I've noticed that writing a kernel needs a huge knowledge(or a table next to me) which tells me ALL the memory areas allocated by hardware.
The problem is that each
part of the hardware does its
own allocation. The BIOS does supervise
how e.g. PCI cards do their allocations. But
what is allocated is defined by the
card.
And I need to know all the device ports.
That is what is commonly called a "device driver": A piece of code that "knows" about a specific device, and enables the kernel to access that device through a "standard" interface. For example, your kernel will want to read from and write to a hard drive. You will need
device drivers to translate those calls into ATA or SCSI or USB commands, which means you have to get your hands on the technical documentation for the ATA / SCSI / USB controller you are using (or the one you want to support, anyway).
Some of them are pretty generic, some of them are pretty specific to the chipset used.
But that's not strictly
kernel development, but
driver development. You could have the world's greatest kernel, but you'd still need a large library of available device drivers to get anywhere...
NOW, do anyone of you have these tables of knowledge about what I mean?
(of course you do, 'cause you're writing OS:s)
I don't think I like your tone, here. Trust in us that we would provide that info if it were that easy.
Where can I get those tables? (I guess not from Mega-Tokyo.com)
No, from the individual device / chipset vendors. Sometimes for free from the web, sometimes only if you're a big company, pay big bucks, and sign an NDA. Sometimes not at all.
(And I don't want the famous "Intel's 'billion paged' manual"!)

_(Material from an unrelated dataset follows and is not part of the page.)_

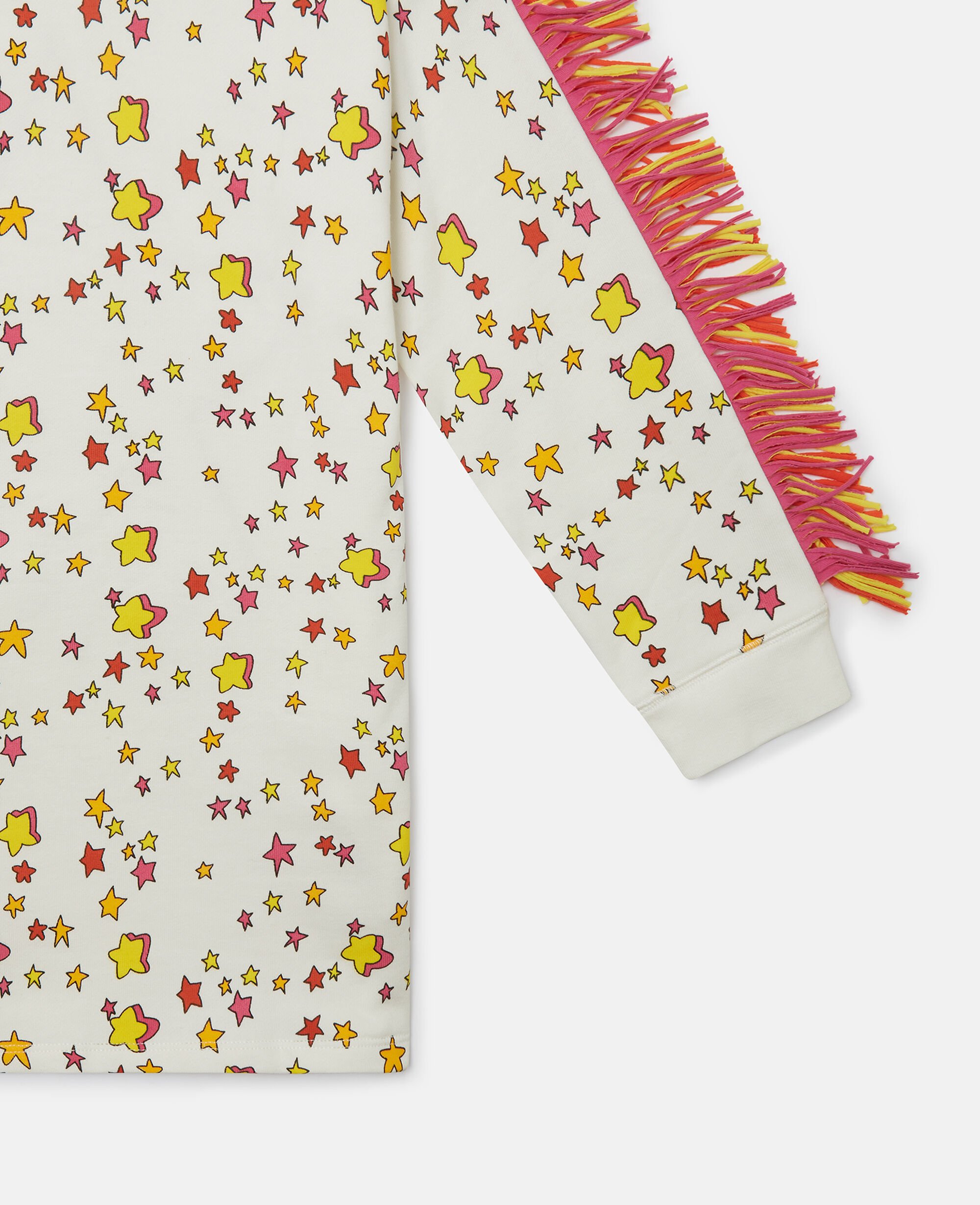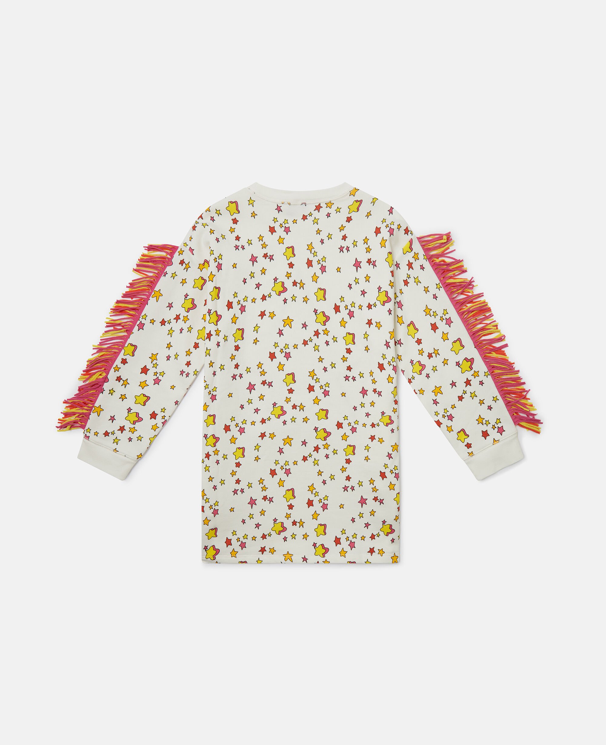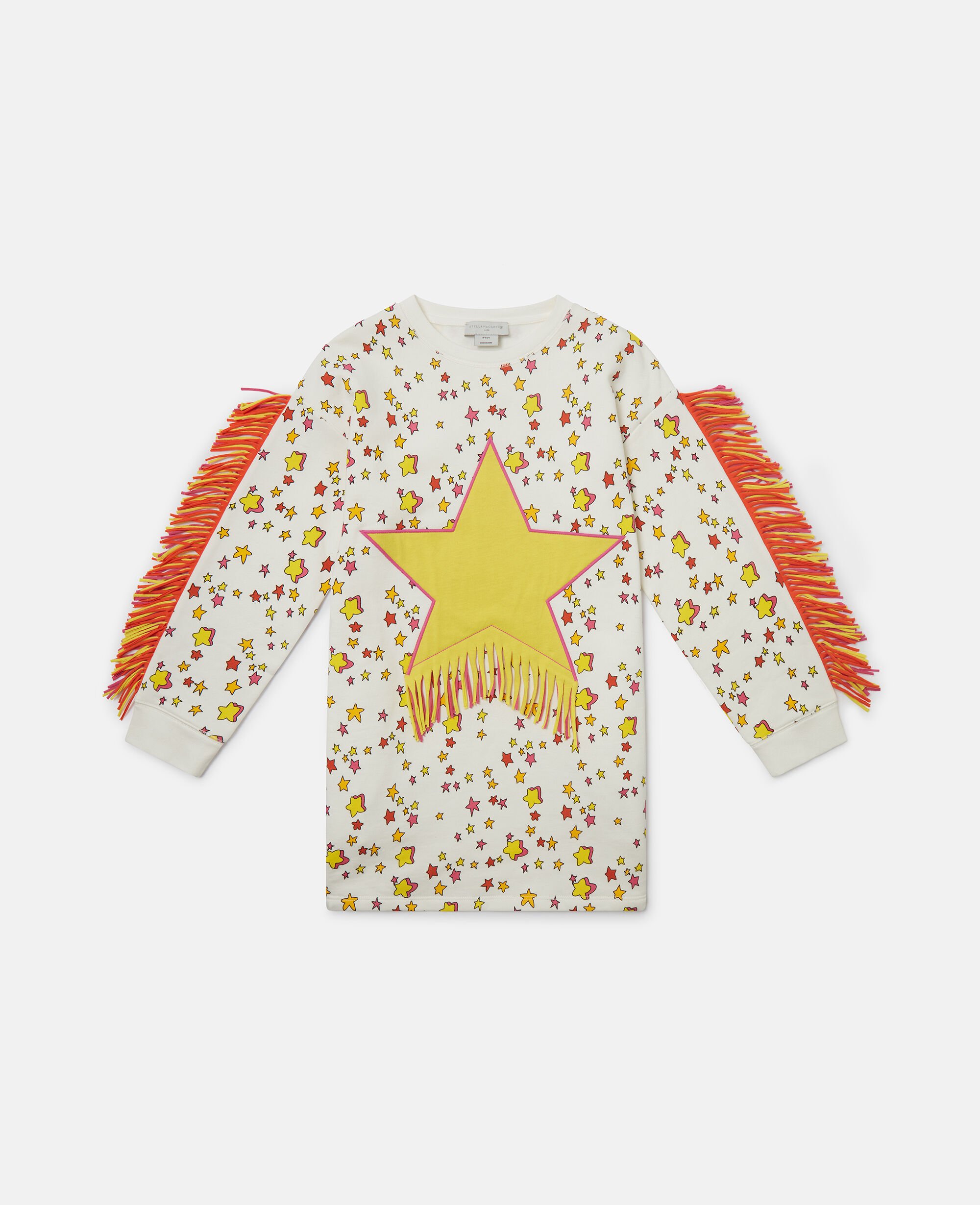 Playful patterns and prints are a Stella McCartney Kids signature. Beaming joy in our latest sustainable luxury childrenswear collection, this dress is crafted from super soft organic cotton with a star printed on the front. Topped with fringing, it is both a Stella Kids fashion statement and staple.

Then forget about writing a
real OS.
Now I am confused. YOU are making OS:s ! Where have you took those what I'm looking for ?
The thing is that you are confused about
what you are looking for.
Why is it so difficult to have them here.
Because they are intelectual property of those who developed it, and some of those don't believe in sharing that property.
I think those port- and memory tables shouldn't be anyone's property (open-source you know)!
I agree (but I understand the standpoint of the HW manufacturers, too).
Have you read the Intel's manual?
Yep. It's the technical documentation of the CPU, so you basically
have to read it. (Or read tons of tutorials which basically copy & paraphrase the information from the Intel docs, sometimes introducing errors and not telling the whole story of what you could do
different from the tutorial author's approach.)
If there's no other way than "just know them" or "google whith wrong results ", I WILL READ THE INTEL'S MANUAL THEN! >:(
No reason to become angry. And be aware that it will tell you everything about the CPU, but nothing about the BIOS, PCI, networking devices, VGA, ...
( Could you even give me some links please? ) :-\
All we could give is in the FAQ (click the banner) and the Quick Links thread.
PS. Wasn't Ralph's Int. List just for DOS wasn't it.
Yes and no. In DOS, you had full access to the BIOS functions, so the RBIL
includes all BIOS functions
in addition to those provided by DOS and its applications.
As the BIOS is the central OS / hardware interface, you need the RBIL even if you never touch DOS with a stick.